The attack left an estimated 10,000 people homeless. Fire destroyed 1,256 homes and 191 businesses, as well as the community’s churches, junior high school, and hospitals. In an eyewitness account discovered in 2015, Greenwood attorney Buck Colbert Franklin describes watching a dozen or more airplanes drop burning balls of turpentine on the city’s rooftops. None of the area’s half-dozen fire stations sounded an alarm, and Franklin remembers wondering, “’Is the city in conspiracy with the mob?’” In 2001, 80 years after the massacre, the state-appointed Tulsa Race Riot Commission recommended reparations to survivors and their descendants because the city had, indeed, conspired with the mob.

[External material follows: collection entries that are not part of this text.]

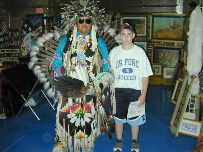 2000/7/15 - RJ with a Native American dancer at the 30th Annual Lone Feather Council Pow Wow in the field house at Fort Carson in Colorado Springs.
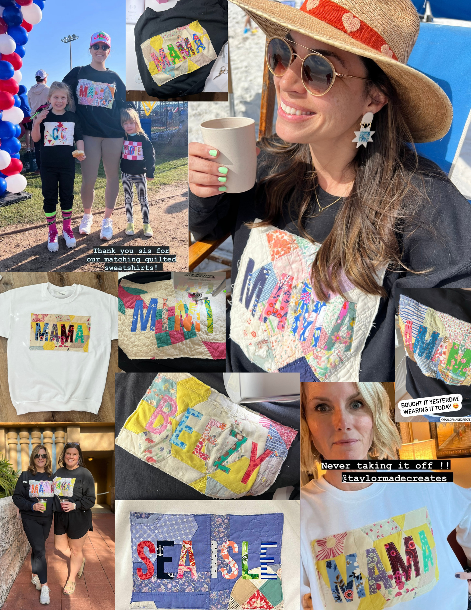 This Custom Quilted Sweatshirt is the perfect combination of comfort and style. Featuring a curated vintage quilt background and handmade quilted letters that spell out any word of your choosing! This colorful and cozy sweatshirt is not only a fun addition to your wardrobe, but also an heirloom item. Get ready to snuggle up in this timeless piece. Sweatshirts are unisex sizing.
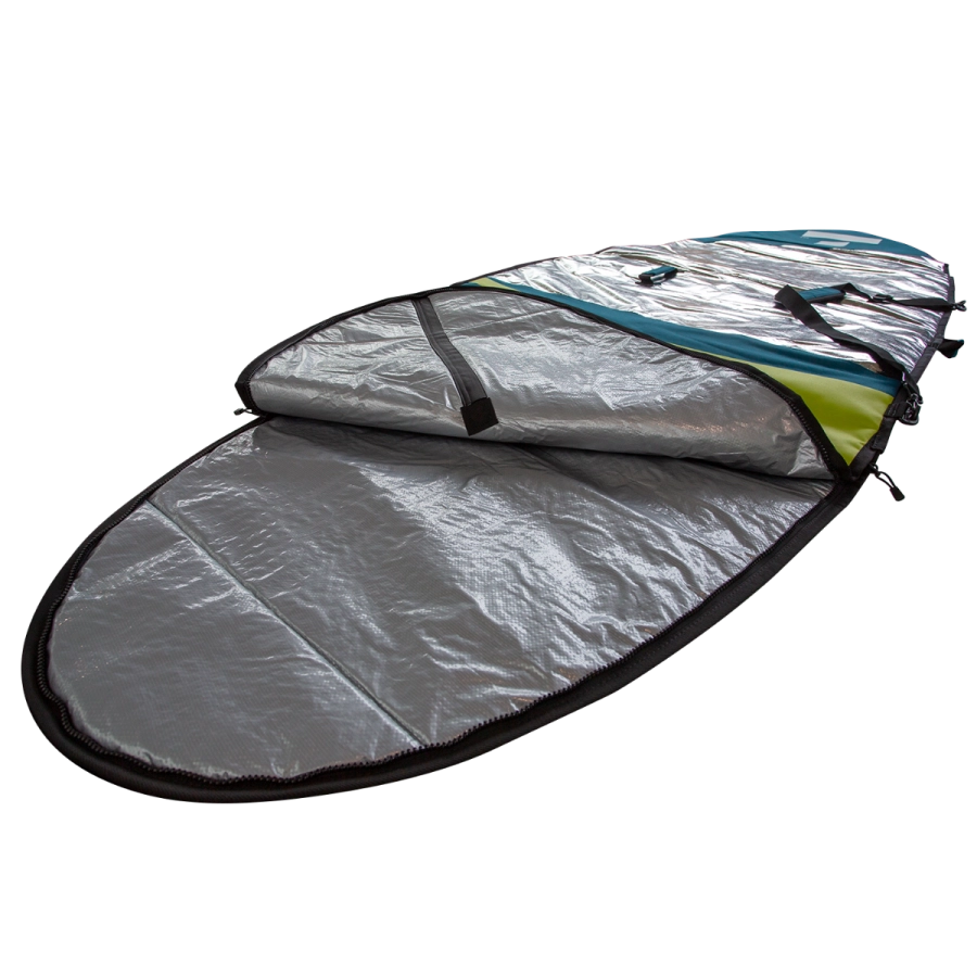 Ma grubość 5 mm i chroni deski przed drobnymi wgnieceniami i uszkodzeniami cieplnymi. Zaprojektowane tak, aby idealnie pasowały do naszych desek, nasze pokrowce są wykonane z niezwykle wytrzymałej tkaniny PolyPro i odblaskowego, odpornego na ciepło materiału. Posiadają wytrzymałe zamki błyskawiczne, wyściełany pasek na ramię i idealnie nadają się do podróży i przechowywania na desce.
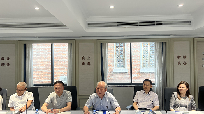 6月7日,严介和理事长在太系广州机关同广州市越秀区委常委、统战部部长赵虎会谈。双方就集团的鱼虾蟹和越秀的老城改造等进行了广泛交流和探讨。
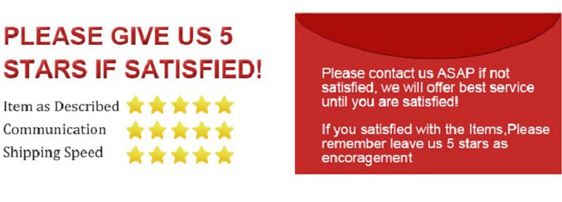 Feedback: 1. deixe um comentário de 5 estrelas se estiver satisfeito com nossos produtos e serviços, iremos apreciá-lo (item como descrito 5 estrelas, comunicação 5 estrelas, tempo de envio 5 estrelas). 2. se os produtos que você recebeu foram estilos danificados ou errados, por favor, não deixe nenhum feedback negativo primeiro, por favor, entre em contato conosco, nós trataremos disso e resolveremos as melhores soluções, a sua satisficação é a nossa moção de fazer melhor. Política de envio e devolução: 1. geralmente enviaremos pedidos dentro de 48 horas assim que o pagamento for recebido. 2. china post ordinary small packet plus e china post registered air mail demoram de 15 a 60 dias. 3. envios recomendados: envio padrão do Adafar-mais estável, mais seguro e rápido. 4. também oferecemos envios expressos como dhl, ups, ems, etc., não hesite em contactar-nos se precisar urgentemente ou a quantidade for grande.
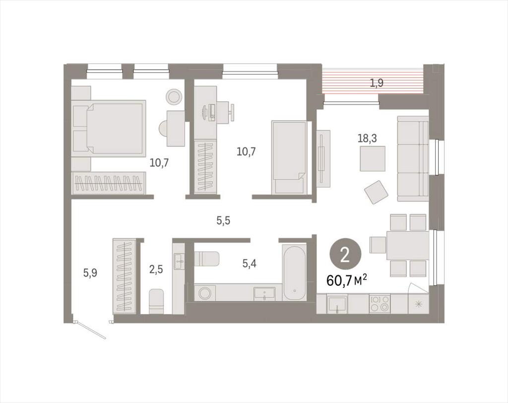 | Квартира с кухней-гостиной и двумя спальнями в жилом районе «Республики 205». Особенности планировки: второй санузел, тёплая лоджия, предчистовая отделка.

The events of the massacre were long omitted from local and state histories: “The Tulsa race riot of 1921 was rarely mentioned in history books, classrooms or even in private. Blacks and whites alike grew into middle age unaware of what had taken place.”With the number of survivors declining, in 1996, the state legislature commissioned a report to establish the historical record of the events, and acknowledge the victims and damages to the black community. Released in 2001, the report included the commission’s recommendations for some compensatory actions, most of which were not implemented by the state and city governments. The state passed legislation to establish some scholarships for descendants of survivors, economic development of Greenwood, and a memorial park to the victims in Tulsa. The latter was dedicated in 2010.

The series is currently in the development stage, but could debut in 2018 if picked up to series.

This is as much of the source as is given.